==== Task material ====

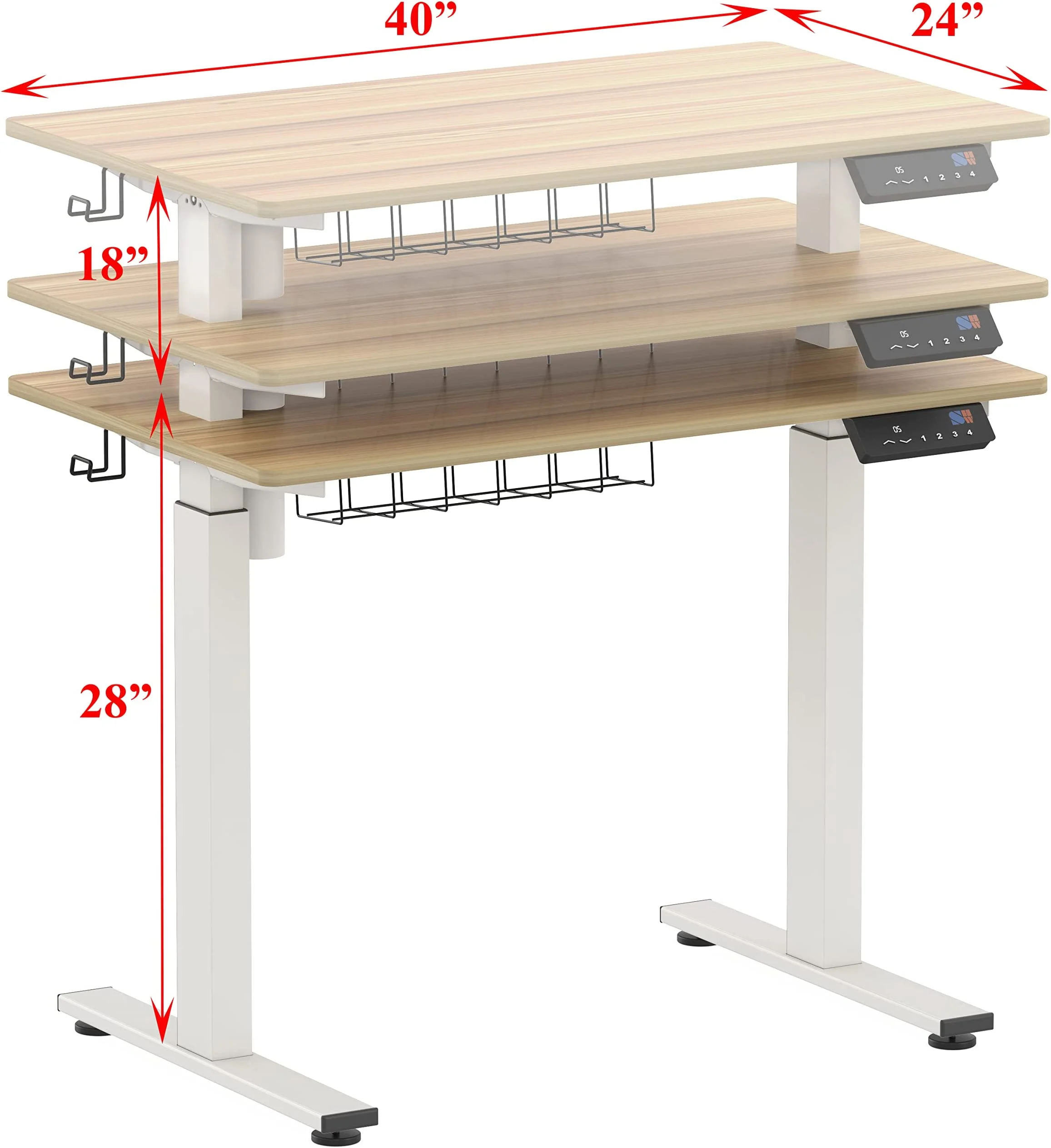 Digital Display Handset – 4 memory preset options for easy adjustment. Electric Lift System – Fully motorized lift from 28 to 45 Inches height Telescopic Height Adjustment – The strong legs use telescopic adjustment transitioning from sitting to standing from 28″ to 45″ High-grade industrial steel. Measures – 40″ L x 24″ W x 28-45″ H
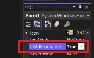 C# 언어에서는 폼을 추가할 때 "MDI 부모 양식"을 선택하거나 일반 폼의 IsMdiContainet 속성을 "true"로 변경해서 MDI 폼을 만들 수 있습니다.
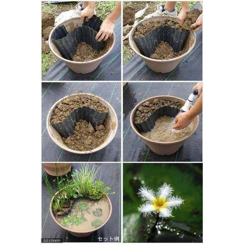 | セット内容 | ・プラスチック製睡蓮鉢(直径約44×高さ約26cm 23L) ・ウォータークローバー ムチカ(1ポット) ・no.48 ビオの土(水草の粘土) 3リットル×2 ・中景草(1種) ・後景草(1種) ・アサザ 夕日(1ポット) ・あぜなみ 高さ25cm×全長180cm ・カルキ抜き・餌サンプル ※お届けする前景、中景、後景草はおまかせとなります。 |
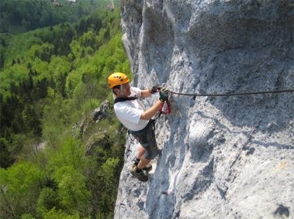 Komplette Klettersteigausrüstung und Helm.
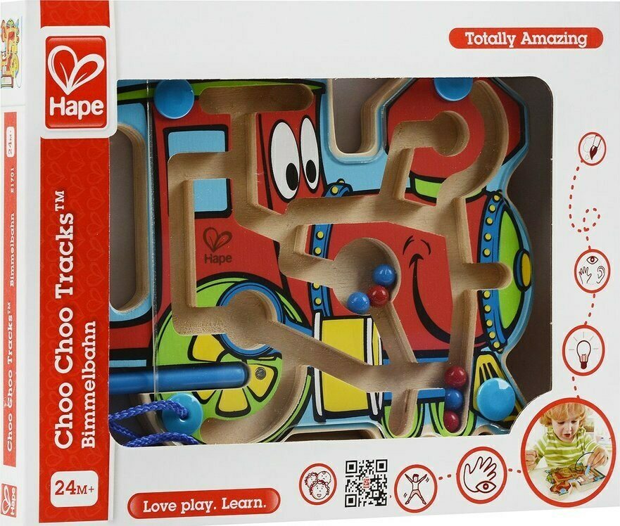 Hauska pujottelupeli. Magneettisen kynän avulla kuulia voi liikuttaa junalabyrintissa. Alustan päällä on kirkas muovilevy, jonka läpi kuulia siirrellään. Magneettinen kynä on narulla kiinni alustassa eikä pelissä ole irrallisia osia.
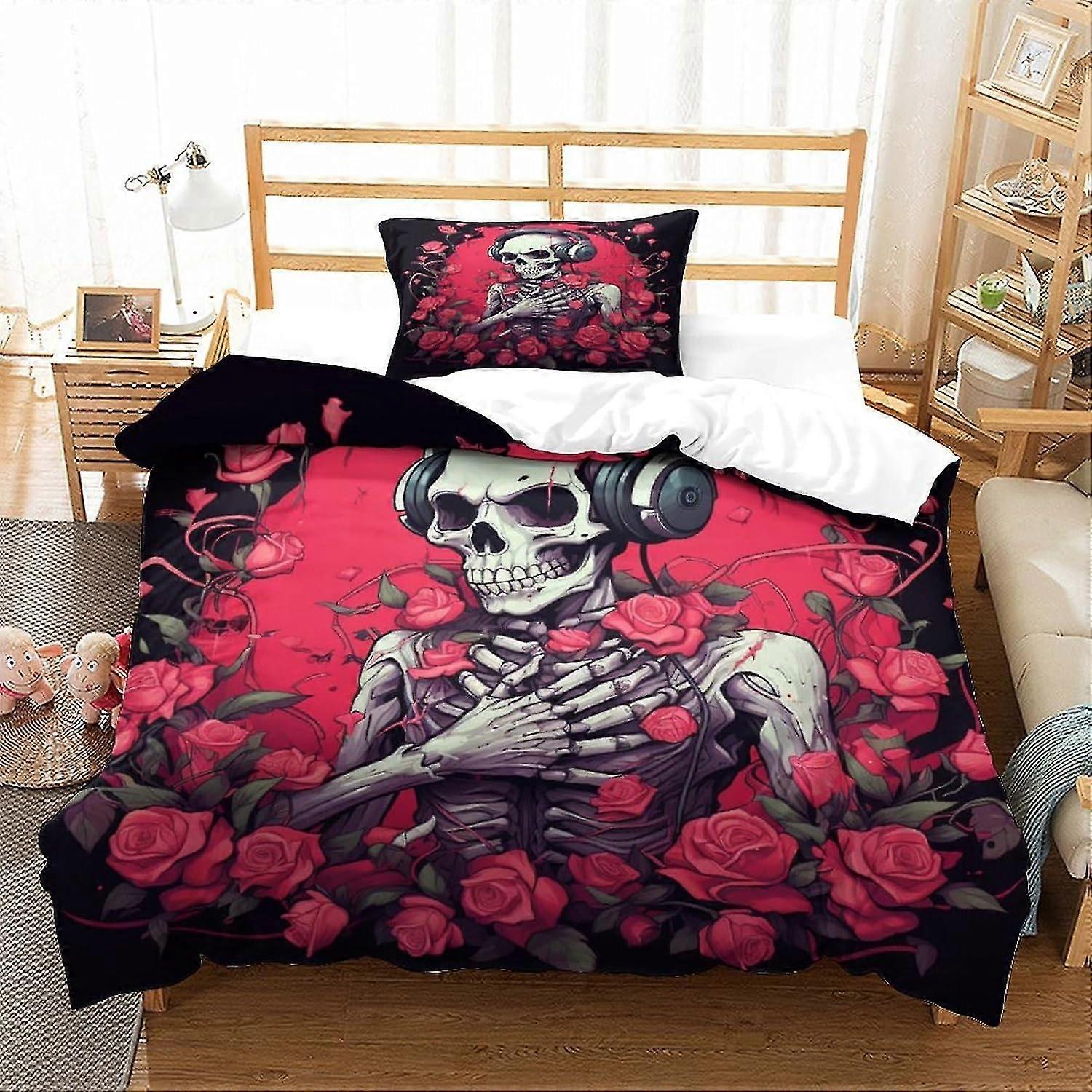 Human Skeleton Bedding Duvet Cover Set Soft Microfiber Game Controller Quilt Cover Set with Zipper Closure and Pillow Shams for Kids and Adu
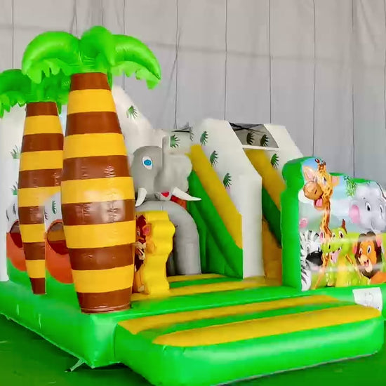 El Juego Inflable Happy Jungle es diferente, precioso y con terminaciones de lujo, ideal para marcar la diferencia y no arrendar siempre lo mismo.
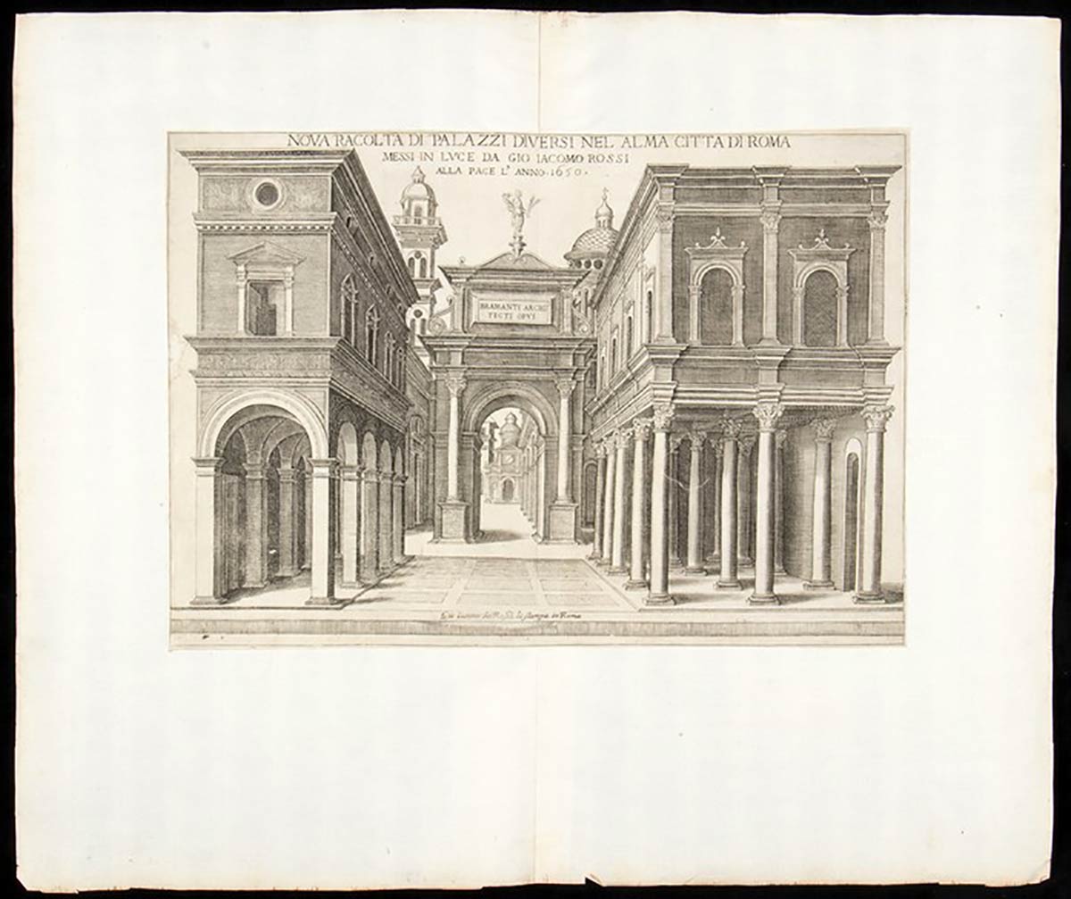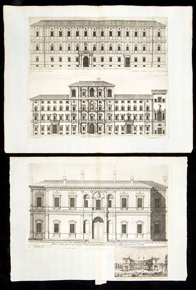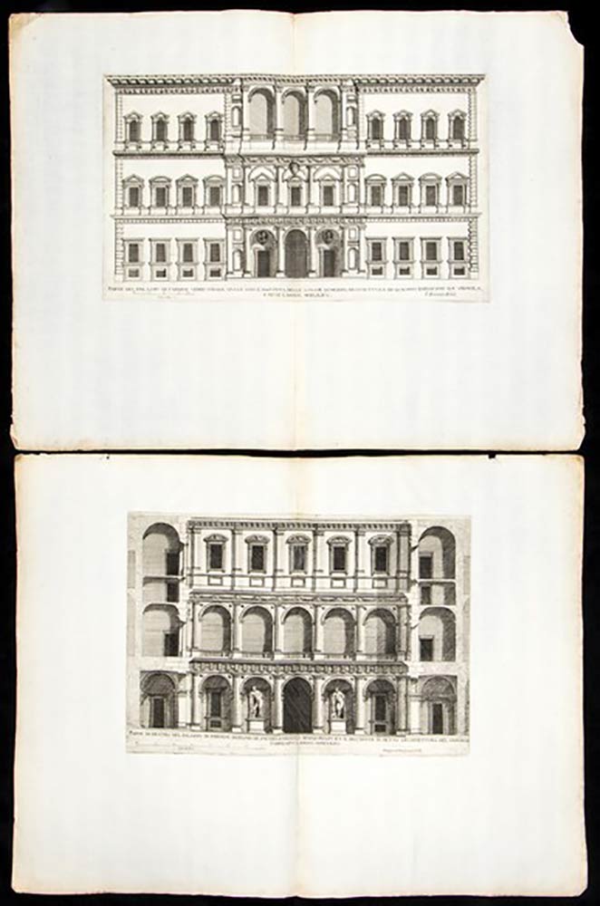 Dettaglio lotto: doppia tavola: Frontespizio BRAMANTI ARCH ITECTI OPVS, Parte del Palazzo Farnese verso strada Giulia ..., Questo Palazzo ... ( prospetto Palazzo Farnese verso Piazza Farnese) , Parte di dentro del Palazzo Farnese ..., detto Palazzo ( a Piazza Fontanelle Borghese ndr) lo fece fare il Cardinale Dezza ..., Palazzo del Cardinale Alessandrino nella pIazza de SS. Apostoli ..., Palazzo de s S.Gaetani al Corso ..., Palazzo della Sapienza et Studio di Roma ..., Palazzo fabbricato dal cardinale Capodiferro ..., Palazzo de gli Ecc.mi Sig.ri Barberini ..., Palazzo de Ghigi alla Lugara ..., tavole con due prospetti diversi, controfondate sul foglio doppio: Palazzo di Madama del SerenissimoGran Duca di Toscana ... + Palazzo delli SS Coronari alla Fontana di Trevi ..., Palazzo de SS.ri Torres posto in Piazza Navona ... + La facciata del Palazzo del Dvca di Ceri alla Fontana di Trevi ..., Palazzo dei SS.ri Mattei alle Botteghe Scvre ... + Palazzo in Laterano eretto da fondamenti ..., Palazzo della Cancelleria ... + Disegno del Palazzo dell Ill.mo et Ecc.mo SS Panphilii posto in Piazza Navona ... ; Palazzo dei SSri. Caffarellli alla Valle ...+Palazzo dei SS.ri Salvieti alla Longara ... Disegno del Palazzo delle Vigna Giulia posto fvori Popolo ... ( più piccola veduta di Israel con veduta de l'interno del Palazzo di Papa Giulio), tavola pagina singola: Palazzo de SS MVTI de Papazzvrri.
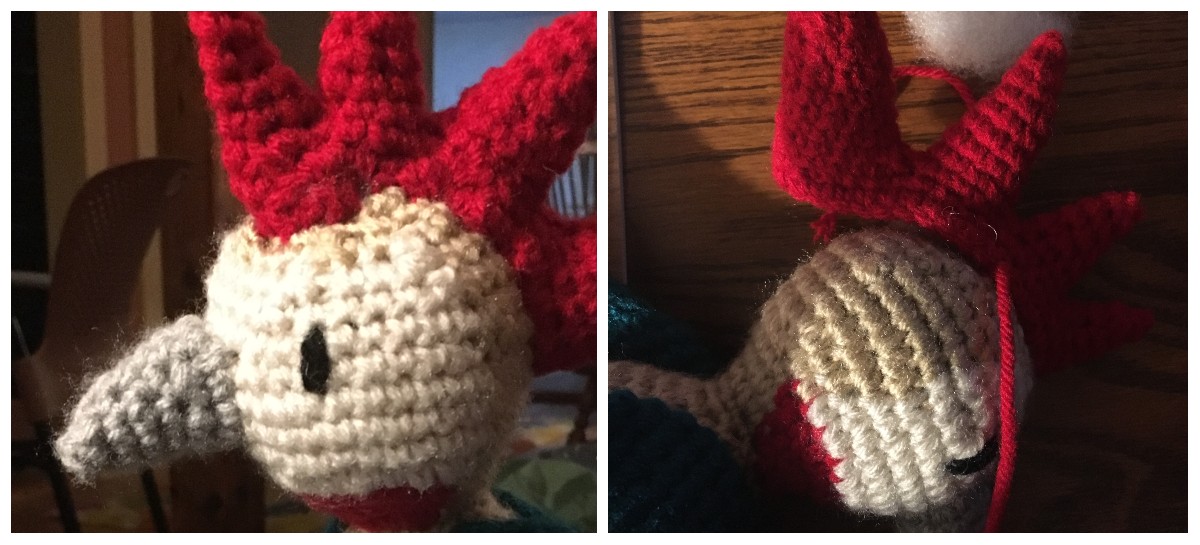 The beak was one of the quickest pieces to stitch up, but had me rethinking my yarn choice again. This is the point when we all began to assemble our birds, prior to adding the final feathery finesse. Kerry herself is a late stuffer. Preferring to finish up the crocheting, and stuff everything immediately prior to stitching a piece together. I personally am an on-the-go stuffer, and like to add the stuffing as I’m crocheting a piece. I usually begin stuffing shortly after starting a decrease. I find this to be easier to do than waiting till I have a six stitch hole to stuff all that stuffing into. Much like Thanksgiving, placement of the stuffing is a personal matter.

====

Aim of the task:
Reproduce each record above by retyping it exactly; omit all images.

Problem solution:
 Digital Display Handset – 4 memory preset options for easy adjustment. Electric Lift System – Fully motorized lift from 28 to 45 Inches height Telescopic Height Adjustment – The strong legs use telescopic adjustment transitioning from sitting to standing from 28″ to 45″ High-grade industrial steel. Measures – 40″ L x 24″ W x 28-45″ H
 C# 언어에서는 폼을 추가할 때 "MDI 부모 양식"을 선택하거나 일반 폼의 IsMdiContainet 속성을 "true"로 변경해서 MDI 폼을 만들 수 있습니다.
 | セット内容 | ・プラスチック製睡蓮鉢(直径約44×高さ約26cm 23L) ・ウォータークローバー ムチカ(1ポット) ・no.48 ビオの土(水草の粘土) 3リットル×2 ・中景草(1種) ・後景草(1種) ・アサザ 夕日(1ポット) ・あぜなみ 高さ25cm×全長180cm ・カルキ抜き・餌サンプル ※お届けする前景、中景、後景草はおまかせとなります。 |
 Komplette Klettersteigausrüstung und Helm.
 Hauska pujottelupeli. Magneettisen kynän avulla kuulia voi liikuttaa junalabyrintissa. Alustan päällä on kirkas muovilevy, jonka läpi kuulia siirrellään. Magneettinen kynä on narulla kiinni alustassa eikä pelissä ole irrallisia osia.
 Human Skeleton Bedding Duvet Cover Set Soft Microfiber Game Controller Quilt Cover Set with Zipper Closure and Pillow Shams for Kids and Adu
 El Juego Inflable Happy Jungle es diferente, precioso y con terminaciones de lujo, ideal para marcar la diferencia y no arrendar siempre lo mismo.
 Dettaglio lotto: doppia tavola: Frontespizio BRAMANTI ARCH ITECTI OPVS, Parte del Palazzo Farnese verso strada Giulia ..., Questo Palazzo ... ( prospetto Palazzo Farnese verso Piazza Farnese) , Parte di dentro del Palazzo Farnese ..., detto Palazzo ( a Piazza Fontanelle Borghese ndr) lo fece fare il Cardinale Dezza ..., Palazzo del Cardinale Alessandrino nella pIazza de SS. Apostoli ..., Palazzo de s S.Gaetani al Corso ..., Palazzo della Sapienza et Studio di Roma ..., Palazzo fabbricato dal cardinale Capodiferro ..., Palazzo de gli Ecc.mi Sig.ri Barberini ..., Palazzo de Ghigi alla Lugara ..., tavole con due prospetti diversi, controfondate sul foglio doppio: Palazzo di Madama del SerenissimoGran Duca di Toscana ... + Palazzo delli SS Coronari alla Fontana di Trevi ..., Palazzo de SS.ri Torres posto in Piazza Navona ... + La facciata del Palazzo del Dvca di Ceri alla Fontana di Trevi ..., Palazzo dei SS.ri Mattei alle Botteghe Scvre ... + Palazzo in Laterano eretto da fondamenti ..., Palazzo della Cancelleria ... + Disegno del Palazzo dell Ill.mo et Ecc.mo SS Panphilii posto in Piazza Navona ... ; Palazzo dei SSri. Caffarellli alla Valle ...+Palazzo dei SS.ri Salvieti alla Longara ... Disegno del Palazzo delle Vigna Giulia posto fvori Popolo ... ( più piccola veduta di Israel con veduta de l'interno del Palazzo di Papa Giulio), tavola pagina singola: Palazzo de SS MVTI de Papazzvrri.
 The beak was one of the quickest pieces to stitch up, but had me rethinking my yarn choice again. This is the point when we all began to assemble our birds, prior to adding the final feathery finesse. Kerry herself is a late stuffer. Preferring to finish up the crocheting, and stuff everything immediately prior to stitching a piece together. I personally am an on-the-go stuffer, and like to add the stuffing as I’m crocheting a piece. I usually begin stuffing shortly after starting a decrease. I find this to be easier to do than waiting till I have a six stitch hole to stuff all that stuffing into. Much like Thanksgiving, placement of the stuffing is a personal matter.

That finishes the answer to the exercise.